Now let’s look at the results and see how the nhdplusTools::get_flowline_index() did. The below shows the percent of COMIDs and REACHCODEs that match and shows a histogram of the measure differences for the REACHCODEs that were matched.

p_match <- 100 * length(which(indexes$COMID %in% gages$FLComID)) / nrow(gages)
paste0(round(p_match, digits = 1), 
       "% were found to match the COMID in the NHDPlus gages layer")
#> [1] "63% were found to match the COMID in the NHDPlus gages layer"

p_match <- 100 * length(which(indexes$REACHCODE %in% gages$REACHCODE)) / nrow(gages)
paste0(round(p_match, digits = 1), 
       "% were found to match the REACHCODE in the NHDPlus gages layer")
#> [1] "65.2% were found to match the REACHCODE in the NHDPlus gages layer"

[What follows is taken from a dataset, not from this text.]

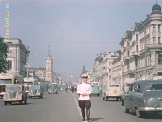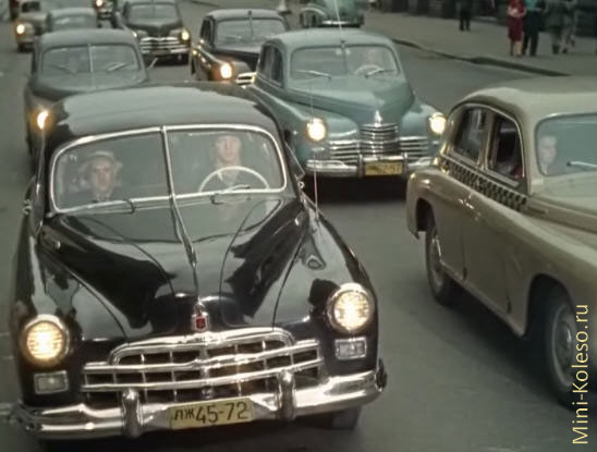 Помогает перевести бабушку через дорогу - на переднем плане Москвич-400. Не путаем с КИМ 10-50. У Москвича воздухозаборники выше (почти под кромкой капота) и длиннее, что и видно на фото. ГАЗ-69 в зеленом окрасе с фарой-прожектором. В ту пору - совсем новый джип. Ведь ГАЗ-69 выпускался на Горьсковском автозаводе с 1953 года - т.е. выпуск начат всего за 4 года до съемок этого фильма. Правда, с 1956 года производство ГАЗ-69 было перенесено на Ульяновский автозавод. С более правильным, желтым номером - масштабная модель в коробочной версии от IST. ГАЗ М20 "Победа". Судя по крыше - кабриолет. Через год ее прекратят выпускать (1946-1958). Победа - первый советский легковой автомобиль с несущим кузовом и один из первых в мире крупносерийно выпускавшихся с кузовом полностью понтонного типа — без выступающих крыльев и их рудиментов, подножек и фар. Всего было выпущено 236 тысяч машин, включая 14 тысяч кабриолетов . На заднем плане Москвич 400-422, фургончик с деревянным кузовом. Чтобы сэкономить стальной прокат, московские конструкторы решили использовать дерево. В народе автомобиль назвали "Буратино". В нормальном состоянии ни один до наших дней не дожил. На выставках можно встретить восстановленные с нуля экземпляры. Еще одна Победа. Точно такого цвета у нас нет, но есть бело-синяя. Старая знакомая - Победа. Обратите внимание на светофон - зеленый сигнал сверху. Этот Москвич мы тоже уже видели. Регулировщик следит за движением из специальной будки. ГАЗ 12 ЗИМ. Роскошный автомобиль, и по тем временам - недосягаемый для простых смертных. Он только что начал поступать с Горьковского автозавода (выпускался с 1956 года). Шестиместный, шестиоконный красавец - модель представительского класса. В первые годы считался престижнее, чем ЗИС.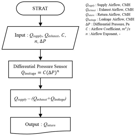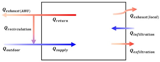 Building pressure differences can be maintained at positive pressure by adjusting HVAC system airflow, but general HVAC system operation does not consider pressure differences, leading to indoor air imbalance [21]. If indoor air imbalance persists, building pressure differences occur, causing increased indoor loads due to airflow through gaps and wasting heating and cooling energy to maintain indoor set temperatures [22]. Figure 5 illustrates ASHRAE’s building pressure model concept, showing potential airflow paths in buildings. According to the law of mass conservation, the sum of air inflow and outflow in a building is equal, expressed in Equation (3). This study proposes an HVAC system operation strategy to maintain appropriate positive indoor pressure by adjusting HVAC system airflow (Qsupply and Qreturn) to respond to continuously changing pressure differences induced by external airflow and indoor–outdoor temperature differences.

matched <- cbind(indexes, 
                 dplyr::select(sf::st_drop_geometry(gages), 
                               REACHCODE_ref = REACHCODE, 
                               COMID_ref = FLComID, 
                               REACH_meas_ref = Measure)) %>%
  dplyr::filter(REACHCODE == REACHCODE_ref) %>%
  dplyr::mutate(REACH_meas_diff = REACH_meas - REACH_meas_ref)

hist(matched$REACH_meas_diff, breaks = 100, 
     main = "Difference in measure for gages matched to the same reach.")

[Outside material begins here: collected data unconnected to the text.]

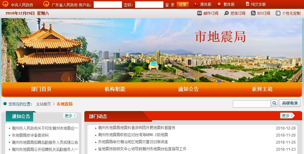 潮州市地震局為市人民政府直屬的正處級事業(yè)單位,賦予防震減災(zāi)工作的行政管理職能。其主要職責:(一)貫徹落實國家和省防震減災(zāi)工作的方針、政策、法規(guī),組織起草有關(guān)地方規(guī)范性文件,并監(jiān)督檢查其執(zhí)行情況。(二)制訂防震減災(zāi)事業(yè)中長期發(fā)展規(guī)劃,編制防震減災(zāi)工作年度計劃,并組織實施;管理監(jiān)督防震減災(zāi)事業(yè)費和專項資金的使用。(三)管理地震監(jiān)測工作,組織和管理群眾測報工作,負責提出地震趨勢意見;保護地震監(jiān)測設(shè)施和地震觀測環(huán)境。(四)承擔在破壞性地震發(fā)生后市政府抗震救災(zāi)指揮機關(guān)辦事機構(gòu)的職責。參與城市總體規(guī)劃中城市抗震防災(zāi)規(guī)劃的審查,會同有關(guān)部門和協(xié)助政府擬定破壞性地震應(yīng)急預(yù)案,綜合防御措施,檢查監(jiān)督其落實。負責震情速報和地震災(zāi)情速報;負責地震災(zāi)害損失評估;參與制定地震災(zāi)區(qū)重建規(guī)劃。(五)管理地震烈度區(qū)劃和震害預(yù)測工作;參與城市總體規(guī)劃中“城市抗震防災(zāi)規(guī)劃”的審查;管理城鎮(zhèn)、經(jīng)濟開發(fā)區(qū)以及重大工程建設(shè)場地的地震安全性評價工作;負責地震安全性評價工作資格審查、認證和任務(wù)登記。會同有關(guān)部門管理海洋地震及地震次生災(zāi)害的防災(zāi)工作。(六)管理以地震動參數(shù)和烈度表述的抗震設(shè)防技術(shù)參數(shù),負責工程抗震設(shè)防設(shè)計規(guī)范技術(shù)標準的審定和修定,參加重點建設(shè)工程抗震設(shè)計的會審,指導(dǎo)和監(jiān)督重大工程以及重要設(shè)施的抗震設(shè)防工作。(七)推進地震科技現(xiàn)代化;組織管理地震科學(xué)技術(shù)研究,科技成果的推廣應(yīng)用;組織開展地震科技工作與交流。(八)會同有關(guān)部門開展防震減災(zāi)宣傳教育工作,普及防震減災(zāi)知識,提高全社會的減災(zāi)意識。(九)管理所屬事業(yè)單位及地方地震臺站,負責市防震抗震領(lǐng)導(dǎo)小組辦公室的日常工作。指導(dǎo)縣區(qū)防震減災(zāi)工作。(十)承辦市委、市人民政府和上級地震局交辦的其他事項。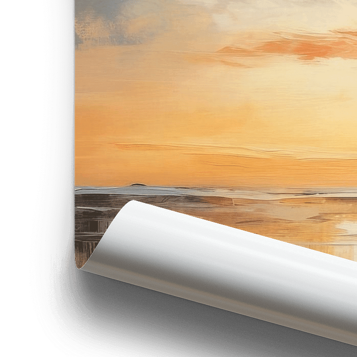Sunset Painting | Vivid Sunset - Das Kunstwerk zeigt einen lebendigen Eindruck eines weiten Sonnenuntergangs, dessen orangefarbene und gelbe Töne nahtlos in die kühlen Blau- und Grautöne des Himmels und des spiegelnden Wassers übergehen. Die ausdrucksstarken Pinselstriche zeigen eine dynamische und doch beruhigende Atmosphäre.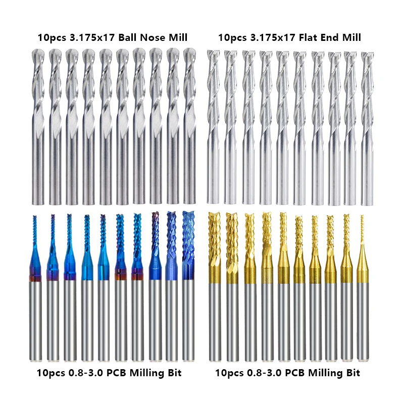 40 шт./компл. шаровая носовая Концевая фреза 2 Флейта плоская Концевая фреза 3,175 мм хвостовик PCB фреза Набор гравировальных бит карбидная Концевая фреза Спецификация:Тип: Концевая мельницаМатериал: карбидХвостовик: 1/8 ''(3,175 мм)Общая длина: как показано на рисункеКомплект включает:10 шт 3,175 мм Диаметр плоская Концевая мельница10 шт 3,175 мм Диаметр шаровой концевой мельницы10 шт. 0,8-3,0 мм фреза для печатных плат с Оловянным покрытием10 шт. 0,8-3,0 мм нано синее покрытие PCB Фрезерный резак Примечание:Допускается ошибка в 1–3 мм из-за измерений вручнуюИз-за разницы между различными мониторами изображение может не отражать фактический цвет изделия. Посылка включает:40 шт. набор гравировальных бит

round(quantile(matched$REACH_meas_diff, 
               probs = c(0, 0.1, 0.25, 0.5, 0.75, 0.9, 1)), 
      digits = 2)
#>    0%   10%   25%   50%   75%   90%  100% 
#> -5.11 -1.40 -0.52  0.36  1.57  8.11 30.74

Flowline Indexing with higher precision

The above example used the native nodes of the NHDPlus as the potential measure snap locations. The nhdplusTools::get_flowline_index() function has the ability to refine these by segmentizing the line to some given resolution. Let’s try the same thing using a resolution of 10m and see if we can do any better.

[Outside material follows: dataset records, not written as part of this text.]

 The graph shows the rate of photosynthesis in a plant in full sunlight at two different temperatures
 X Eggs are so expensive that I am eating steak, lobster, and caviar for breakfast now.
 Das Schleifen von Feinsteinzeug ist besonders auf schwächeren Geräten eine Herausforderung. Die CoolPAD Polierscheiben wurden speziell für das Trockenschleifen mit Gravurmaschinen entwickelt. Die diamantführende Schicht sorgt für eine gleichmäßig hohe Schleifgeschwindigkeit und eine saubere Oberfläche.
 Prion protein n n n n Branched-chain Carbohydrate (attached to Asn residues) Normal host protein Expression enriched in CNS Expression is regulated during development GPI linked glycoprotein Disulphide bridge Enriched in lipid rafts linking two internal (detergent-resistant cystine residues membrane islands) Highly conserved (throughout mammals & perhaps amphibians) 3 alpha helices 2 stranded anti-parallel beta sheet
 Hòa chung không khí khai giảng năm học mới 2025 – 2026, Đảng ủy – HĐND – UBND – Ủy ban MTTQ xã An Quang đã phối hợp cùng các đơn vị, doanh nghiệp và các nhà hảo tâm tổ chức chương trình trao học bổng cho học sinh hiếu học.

Note that the sf::st_segmentize function takes care of the distance conversion and segmentizes our lon/lat lines to 10m on the fly.

indexes <- get_flowline_index(flowlines, 
                              sf::st_geometry(gages), 
                              search_radius = 0.1, 
                              precision = 10)

indexes <- left_join(data.frame(id = seq_len(nrow(gages))), indexes, by = "id")

Now lets look at out comparison again.

p_match <- 100 * length(which(indexes$COMID %in% gages$FLComID)) / nrow(gages)
paste0(round(p_match, digits = 1), 
       "% were found to match the COMID in the NHDPlus gages layer")
#> [1] "69.6% were found to match the COMID in the NHDPlus gages layer"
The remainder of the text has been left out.